== What this task involves ==
All lines from the one that contains "have a sideline" to the end of the data must be retyped exactly. Pictures are not retyped.

== Recorded data ==
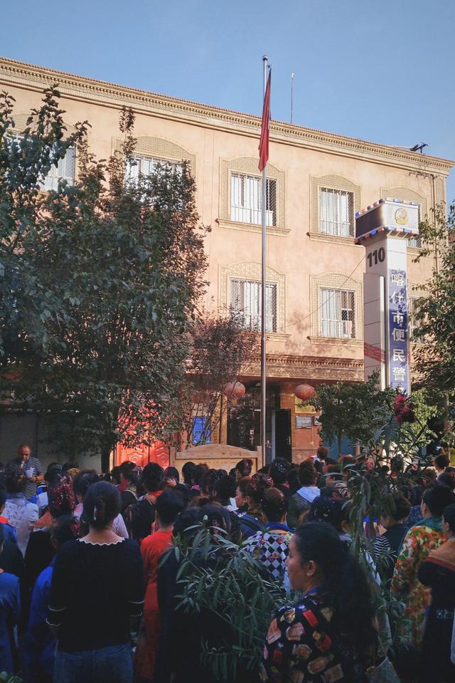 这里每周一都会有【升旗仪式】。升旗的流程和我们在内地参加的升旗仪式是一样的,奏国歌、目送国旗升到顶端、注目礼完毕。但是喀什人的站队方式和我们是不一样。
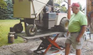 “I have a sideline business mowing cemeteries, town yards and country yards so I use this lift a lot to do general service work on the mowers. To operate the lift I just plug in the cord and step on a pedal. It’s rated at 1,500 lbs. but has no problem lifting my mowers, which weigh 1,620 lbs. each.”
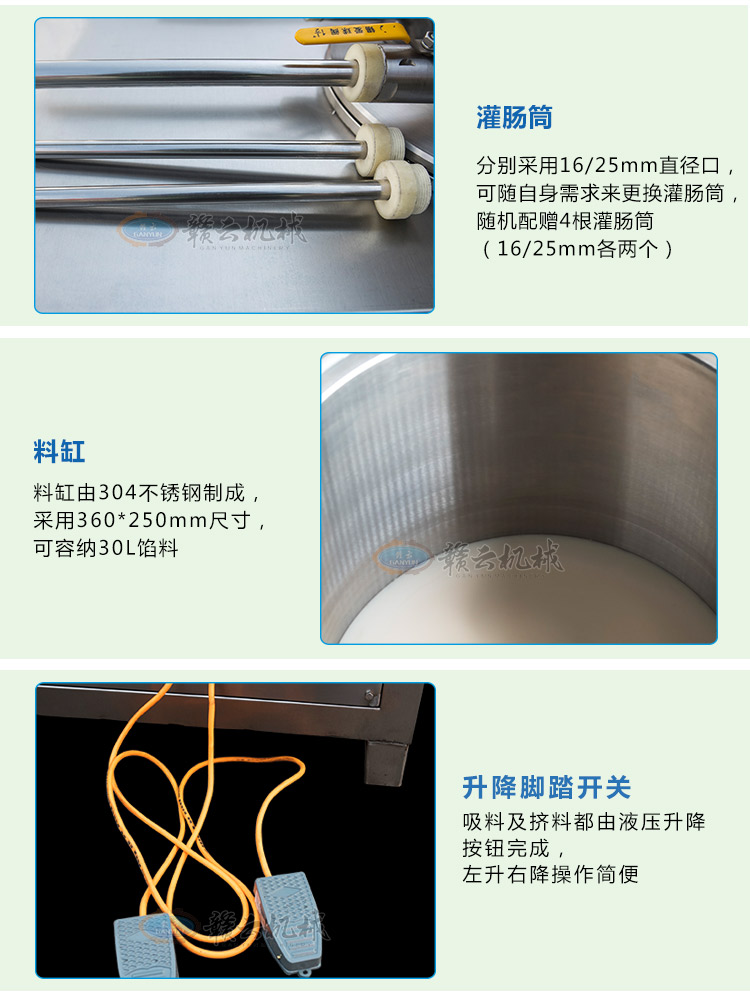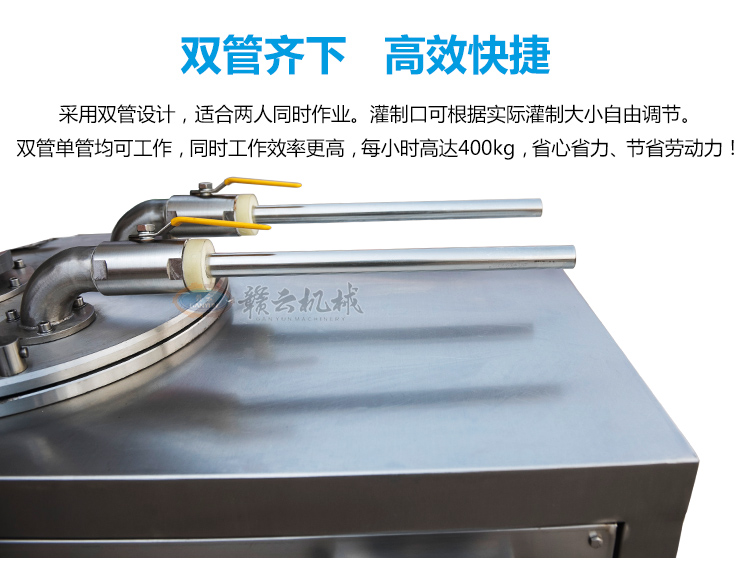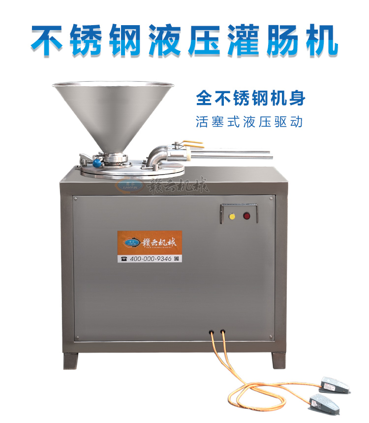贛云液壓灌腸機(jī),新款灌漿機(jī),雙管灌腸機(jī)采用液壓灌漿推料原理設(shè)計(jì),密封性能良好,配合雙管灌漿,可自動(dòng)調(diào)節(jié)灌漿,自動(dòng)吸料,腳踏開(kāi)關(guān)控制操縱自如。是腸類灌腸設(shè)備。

== Result of this exercise ==
 “I have a sideline business mowing cemeteries, town yards and country yards so I use this lift a lot to do general service work on the mowers. To operate the lift I just plug in the cord and step on a pedal. It’s rated at 1,500 lbs. but has no problem lifting my mowers, which weigh 1,620 lbs. each.”
贛云液壓灌腸機(jī),新款灌漿機(jī),雙管灌腸機(jī)采用液壓灌漿推料原理設(shè)計(jì),密封性能良好,配合雙管灌漿,可自動(dòng)調(diào)節(jié)灌漿,自動(dòng)吸料,腳踏開(kāi)關(guān)控制操縱自如。是腸類灌腸設(shè)備。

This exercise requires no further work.